Two sets of medical exam question papers of Engineering, Agriculture and Medical Common Entrance Test (Eamcet) were found to be leaked to students who paid Rs.30-40 lakh to brokers. The re-exam was necessitated after a police probe found that 200 students from Andhra Pradesh and Telangana had access to question papers 48-72 hours before the exam.
Eamcet, the entry to bachelor of medicine and surgery (MBBS) and bachelor of dental surgery (BDS) courses in Andhra Pradesh and Telangana, is one of the most competitive exams in the state. About 50,900 candidates competed for 2,650 MBBS and BDS seats this year.
After meeting police and education department officials, chief minister K. Chandrashekar Rao said the government was left with no choice but to order a retest.
After going through judgments of various high courts and the Supreme Court in similar cases, the chief minister and state officials concluded that a re-exam was necessary. “In previous instances when such incidents happened in India, the courts eventually called for a re-exam,” a statement from the chief minister’s office said.
Telangana conducted Eamcet-2 on 9 July following ambiguity over seat quota allotment for national eligibility cum entrance test (NEET). The first exam (Eamcet-I) was conducted on 15 May.
Besides, aspiring medical students also had to appear for a separate entrance test conducted by neighbouring Andhra Pradesh.
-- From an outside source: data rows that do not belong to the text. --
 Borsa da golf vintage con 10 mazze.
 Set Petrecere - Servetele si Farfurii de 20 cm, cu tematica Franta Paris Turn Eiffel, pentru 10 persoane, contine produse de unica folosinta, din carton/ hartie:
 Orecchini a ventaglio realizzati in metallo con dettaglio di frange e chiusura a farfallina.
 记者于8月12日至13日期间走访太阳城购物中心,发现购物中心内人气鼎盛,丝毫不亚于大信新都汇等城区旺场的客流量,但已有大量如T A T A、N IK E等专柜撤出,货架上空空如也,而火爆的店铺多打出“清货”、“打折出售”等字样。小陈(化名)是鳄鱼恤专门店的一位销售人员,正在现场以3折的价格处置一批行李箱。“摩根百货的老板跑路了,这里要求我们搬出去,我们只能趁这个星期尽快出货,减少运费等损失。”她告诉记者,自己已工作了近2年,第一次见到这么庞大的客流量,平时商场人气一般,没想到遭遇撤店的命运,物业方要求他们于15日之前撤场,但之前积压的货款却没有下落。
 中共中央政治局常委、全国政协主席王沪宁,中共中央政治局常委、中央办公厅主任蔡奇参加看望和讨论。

AP and Telangana began conducting separate entrance exams following their bifurcation in June 2014.
Some parents of students who topped the second Eamcet exam (Eamcet-2) have been protesting outside the state secretariat to persuade the administration not to order a retest.
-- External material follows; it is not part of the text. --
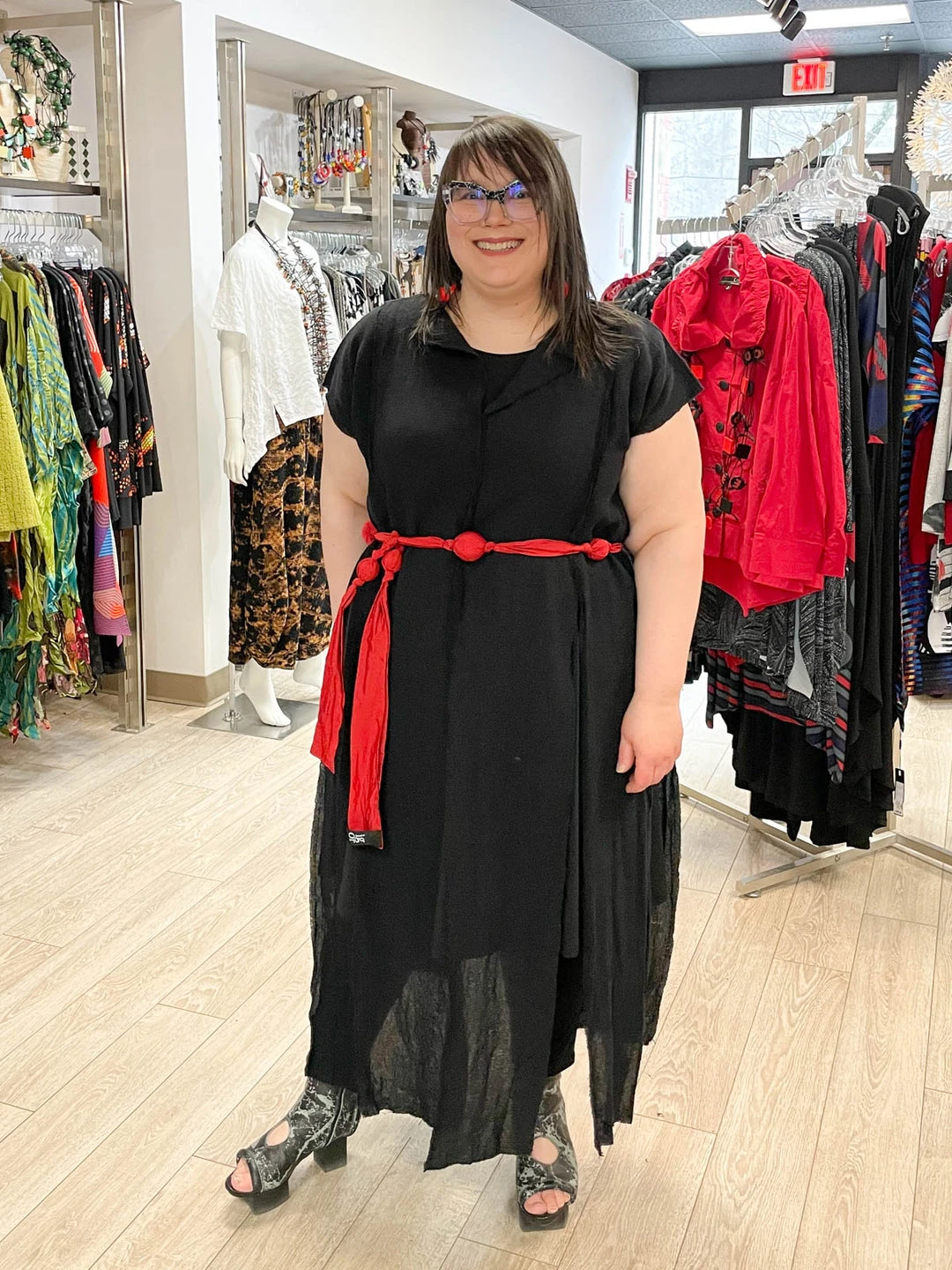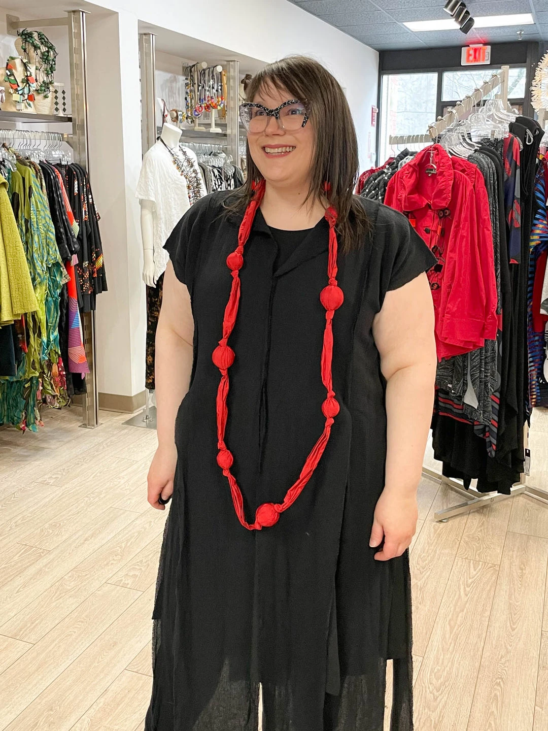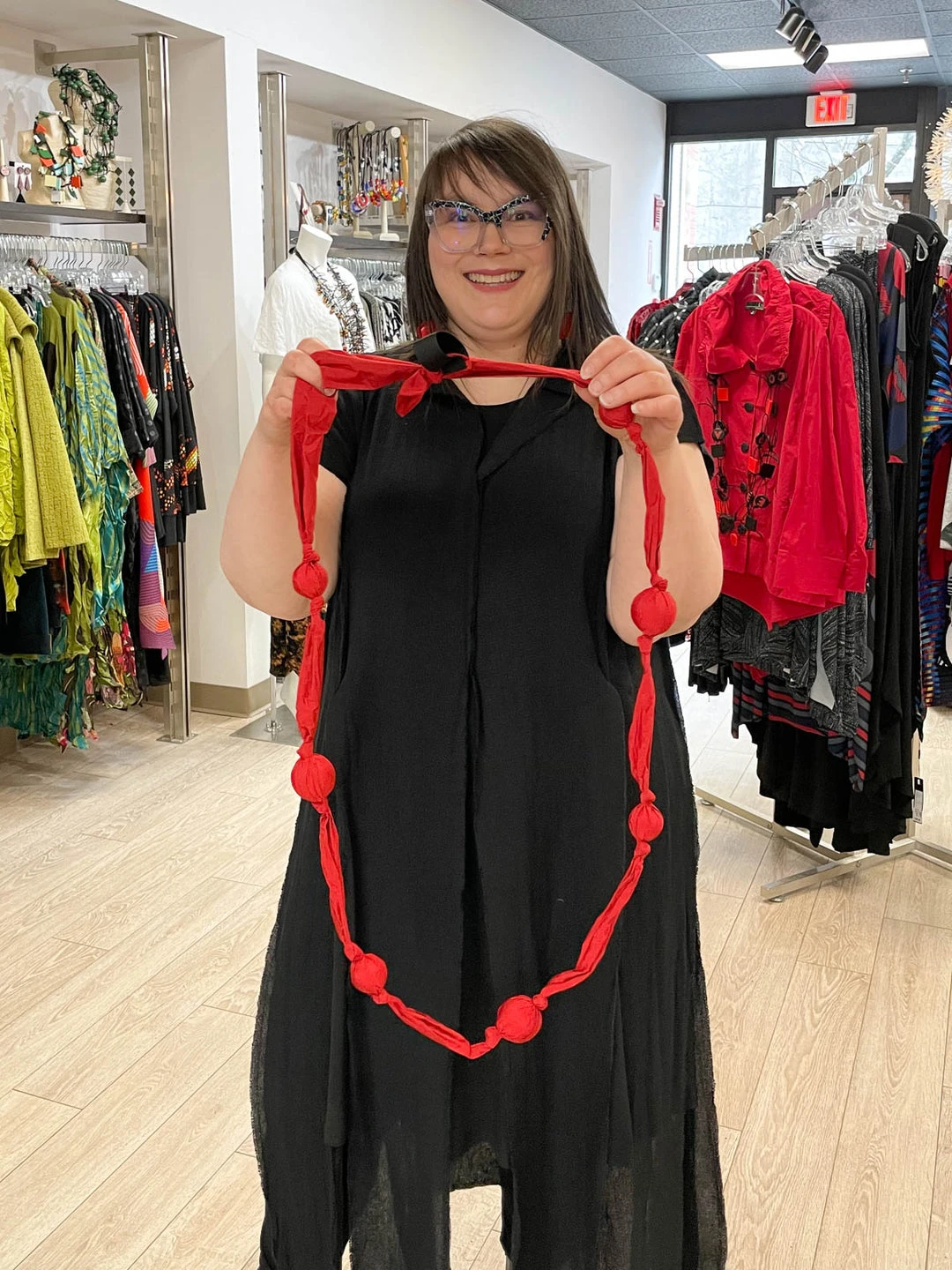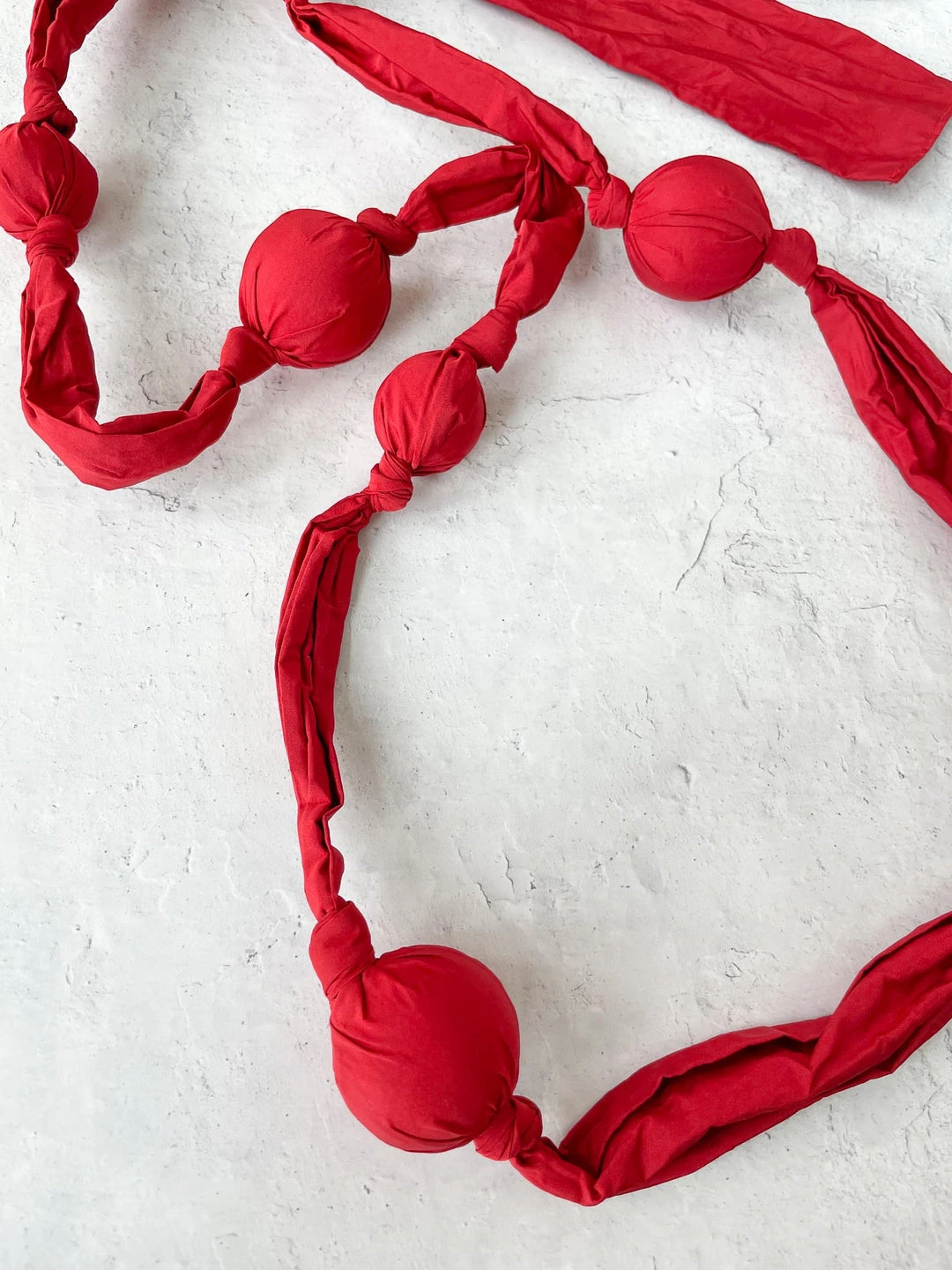 This tie back necklace features fabric covered balls with knots between in taffeta fabric. Can be worn at a belt or necklace – long or doubled up.Â

They reason that their wards are already under strain from writing three state-level exams in a year and a fourth test would be an undue burden on them. They want the government to disqualify students who have resorted to irregularities.
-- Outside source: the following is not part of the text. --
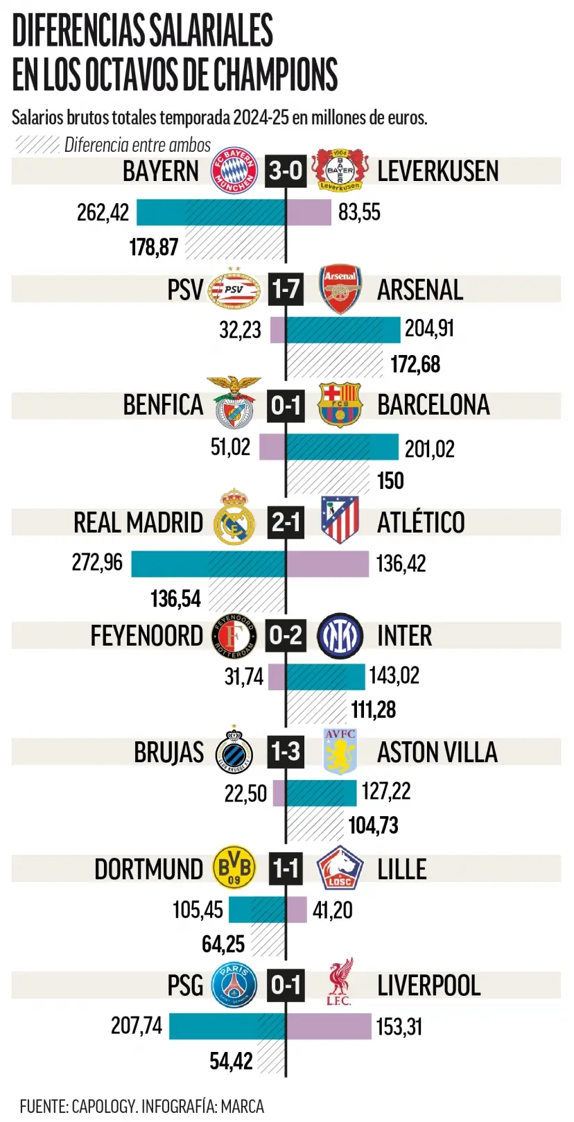 根據(jù)足球財(cái)務(wù)專業(yè)網(wǎng)站Capology的數(shù)據(jù),如果以球員薪資支出為標(biāo)準(zhǔn),最不平衡的淘汰賽是對陣拜仁和勒沃庫森的比賽,拜仁的薪資支出幾乎是對手的三倍(2.624億歐元對8350萬歐元)。第二大差距出現(xiàn)在阿森納與埃因霍溫的對決中,阿森納球員的2.049億歐元薪資遠(yuǎn)超埃因霍溫的3220萬歐元,差距高達(dá)六倍。第三個(gè)薪資差距較大的對決是本菲卡與巴塞羅那,巴薩球員的薪水是葡萄牙球隊(duì)的四倍(2.01億歐元對5100萬歐元)。皇馬與馬競的陣容薪資差距恰好是兩倍,皇馬為2.729億歐元,馬競為1.364億歐元。
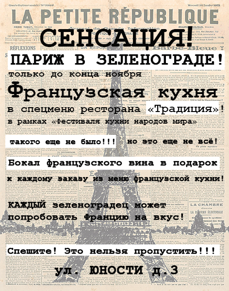«Традиция» — единственный ресторан с французской кухней в Зеленограде.

“When something unfortunate happens, some people will suffer,” chief minister Rao said. “Parents should understand our anguish and cooperate in the smooth conduct of re-test,” he added.
Telangana’s crime investigation department (CID), which began a probe last month blamed a Delhi-based racket for leaking the exam papers. The question papers are printed at a press in Delhi.
Four people, Mukul Jain, Mayank Sharma, Sunil Singh and Iqbal have been named as prime suspects in the case. In all, police have identified 34 brokers who conspired to sell leaked question papers to students trying to secure admission into undergraduate medicine and dental courses.
The police have arrested six brokers so far and are close to nabbing five more middlemen.
Chief minister Rao has asked police officials to also investigate parents of 200 students who paid money to the brokers.